**EXERCISE**
In the listing below, find the line that contains "同时, Ethereum(ETH) 一直难以跟上比特币的发展势头。今天也有" and the line that contains "Specificaties Designradiator Boss". Quote both and every line between them, exactly, and nothing more.

**DATA SUPPLIED**

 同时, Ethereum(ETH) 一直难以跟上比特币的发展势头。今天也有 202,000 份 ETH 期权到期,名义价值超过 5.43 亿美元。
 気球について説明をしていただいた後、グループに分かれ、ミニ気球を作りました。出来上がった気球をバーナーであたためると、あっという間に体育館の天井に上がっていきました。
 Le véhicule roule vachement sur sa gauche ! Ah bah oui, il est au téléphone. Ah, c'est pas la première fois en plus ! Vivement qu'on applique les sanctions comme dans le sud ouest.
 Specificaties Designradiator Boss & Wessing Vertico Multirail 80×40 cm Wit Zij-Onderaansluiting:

* * *

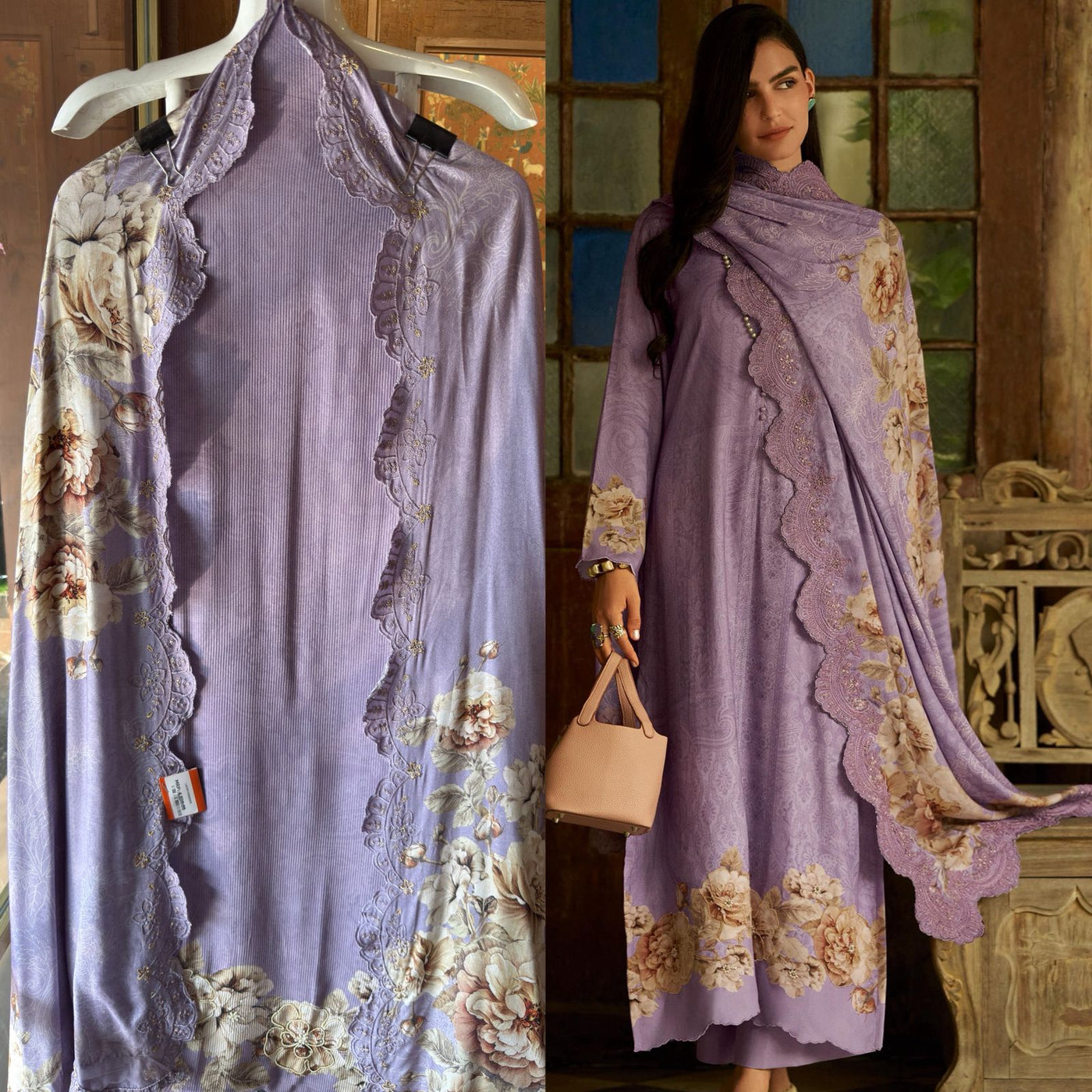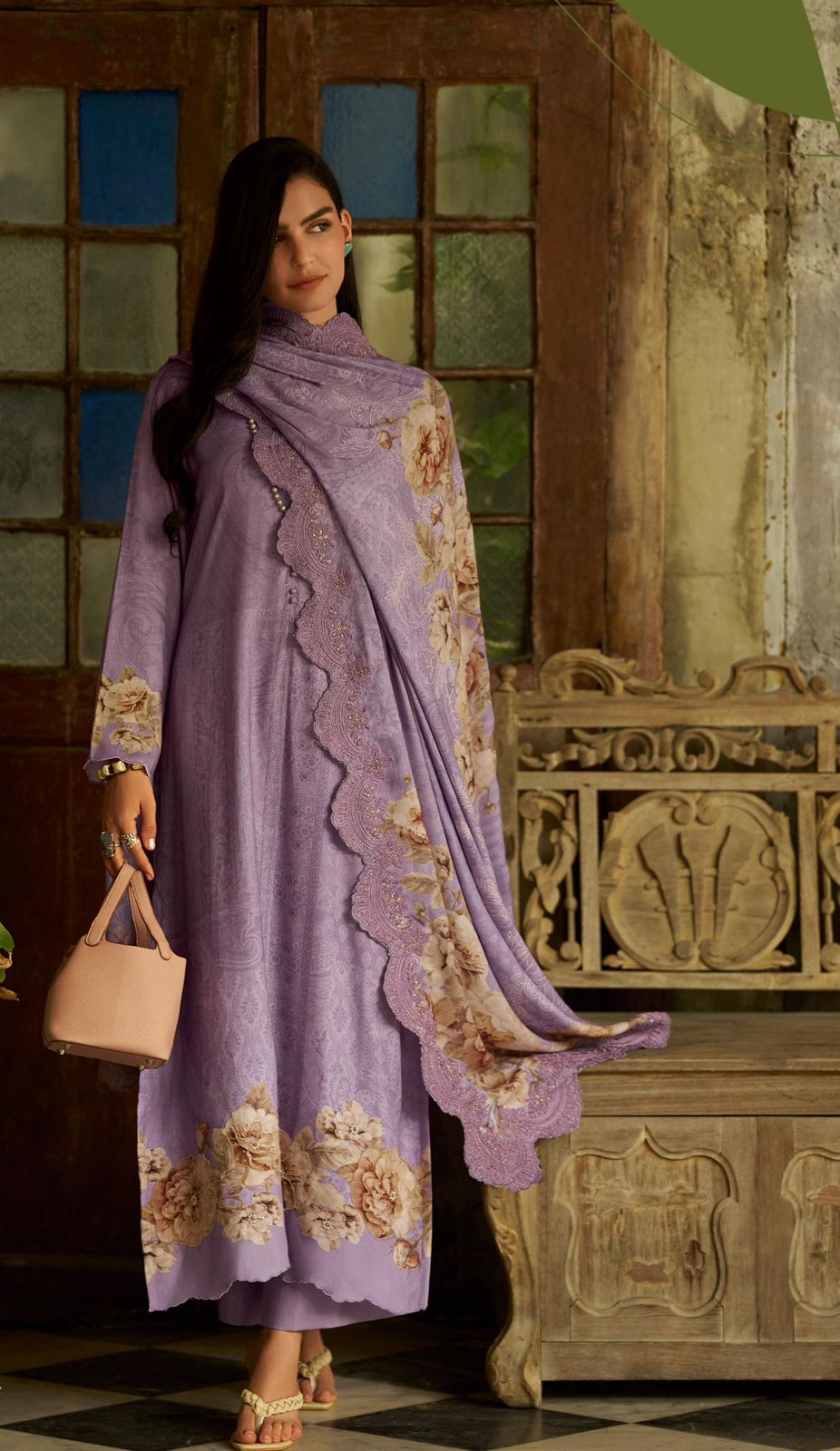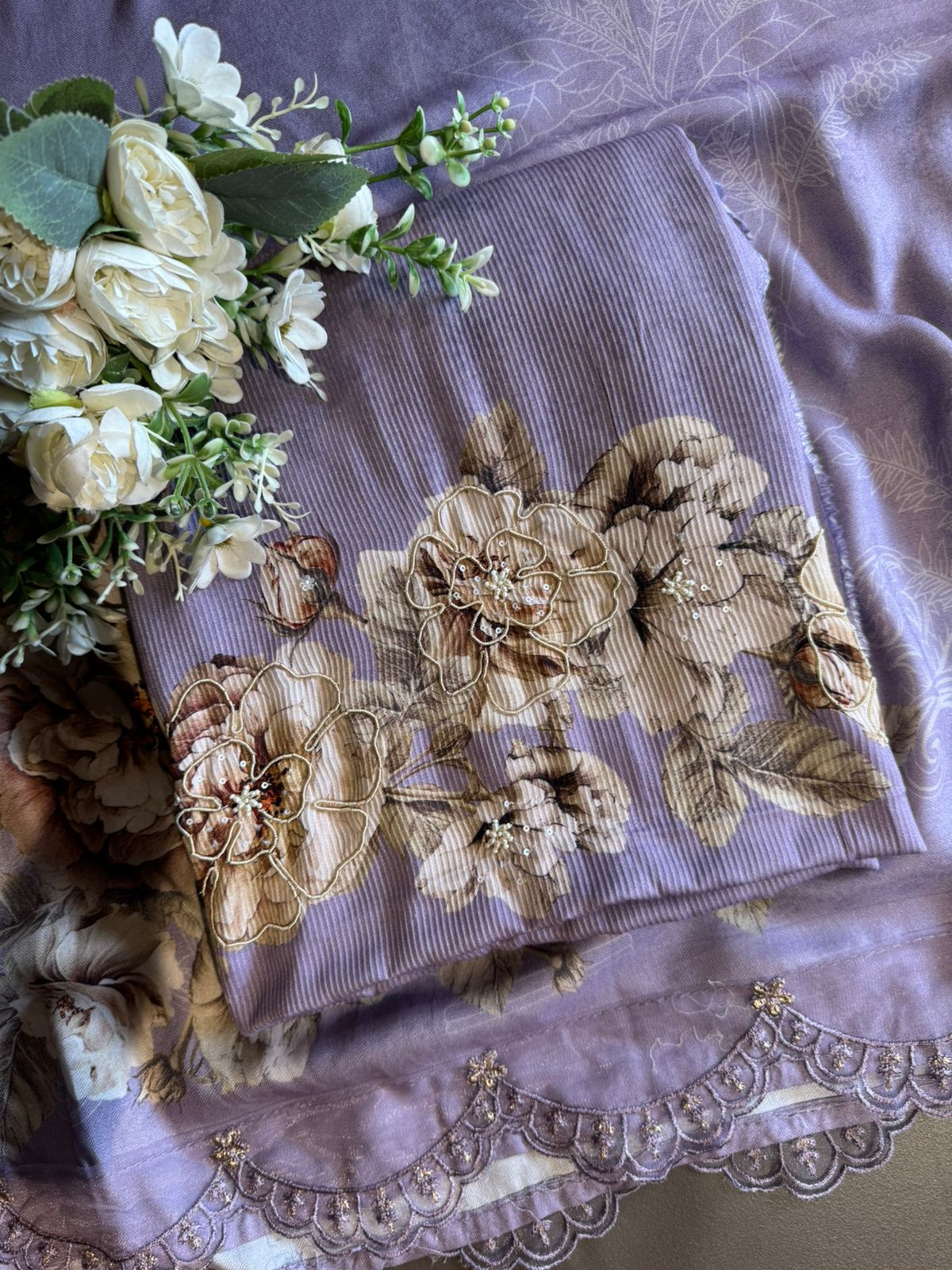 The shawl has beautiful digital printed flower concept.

**TASK RESULT**
 同时, Ethereum(ETH) 一直难以跟上比特币的发展势头。今天也有 202,000 份 ETH 期权到期,名义价值超过 5.43 亿美元。
 気球について説明をしていただいた後、グループに分かれ、ミニ気球を作りました。出来上がった気球をバーナーであたためると、あっという間に体育館の天井に上がっていきました。
 Le véhicule roule vachement sur sa gauche ! Ah bah oui, il est au téléphone. Ah, c'est pas la première fois en plus ! Vivement qu'on applique les sanctions comme dans le sud ouest.
 Specificaties Designradiator Boss & Wessing Vertico Multirail 80×40 cm Wit Zij-Onderaansluiting:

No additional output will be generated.